** GIVEN DATA **
===

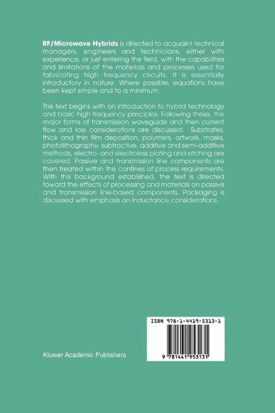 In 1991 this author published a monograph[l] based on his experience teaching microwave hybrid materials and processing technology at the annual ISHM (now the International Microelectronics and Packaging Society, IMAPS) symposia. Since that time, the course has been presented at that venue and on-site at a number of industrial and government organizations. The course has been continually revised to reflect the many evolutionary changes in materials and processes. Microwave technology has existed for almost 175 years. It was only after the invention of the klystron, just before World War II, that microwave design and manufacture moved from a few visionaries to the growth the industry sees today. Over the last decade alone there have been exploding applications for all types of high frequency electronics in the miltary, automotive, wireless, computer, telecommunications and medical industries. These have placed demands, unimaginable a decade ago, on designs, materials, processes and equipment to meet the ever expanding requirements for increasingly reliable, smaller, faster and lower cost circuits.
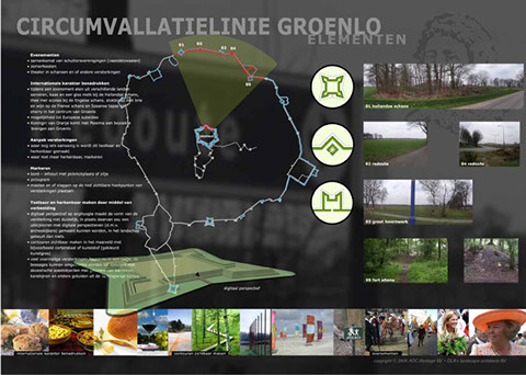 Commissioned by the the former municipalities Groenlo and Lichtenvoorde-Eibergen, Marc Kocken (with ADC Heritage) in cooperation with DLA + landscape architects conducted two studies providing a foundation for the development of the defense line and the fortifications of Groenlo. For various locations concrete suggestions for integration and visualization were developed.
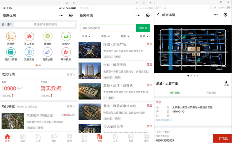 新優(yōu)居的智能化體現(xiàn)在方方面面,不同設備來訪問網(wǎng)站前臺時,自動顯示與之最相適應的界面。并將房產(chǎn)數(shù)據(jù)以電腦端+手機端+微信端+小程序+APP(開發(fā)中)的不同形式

===

** PROMPT **
Output the data exactly as it appears. The pictures do not belong in it.

** RESPONSE BOX **
 In 1991 this author published a monograph[l] based on his experience teaching microwave hybrid materials and processing technology at the annual ISHM (now the International Microelectronics and Packaging Society, IMAPS) symposia. Since that time, the course has been presented at that venue and on-site at a number of industrial and government organizations. The course has been continually revised to reflect the many evolutionary changes in materials and processes. Microwave technology has existed for almost 175 years. It was only after the invention of the klystron, just before World War II, that microwave design and manufacture moved from a few visionaries to the growth the industry sees today. Over the last decade alone there have been exploding applications for all types of high frequency electronics in the miltary, automotive, wireless, computer, telecommunications and medical industries. These have placed demands, unimaginable a decade ago, on designs, materials, processes and equipment to meet the ever expanding requirements for increasingly reliable, smaller, faster and lower cost circuits.
 Commissioned by the the former municipalities Groenlo and Lichtenvoorde-Eibergen, Marc Kocken (with ADC Heritage) in cooperation with DLA + landscape architects conducted two studies providing a foundation for the development of the defense line and the fortifications of Groenlo. For various locations concrete suggestions for integration and visualization were developed.
 新優(yōu)居的智能化體現(xiàn)在方方面面,不同設備來訪問網(wǎng)站前臺時,自動顯示與之最相適應的界面。并將房產(chǎn)數(shù)據(jù)以電腦端+手機端+微信端+小程序+APP(開發(fā)中)的不同形式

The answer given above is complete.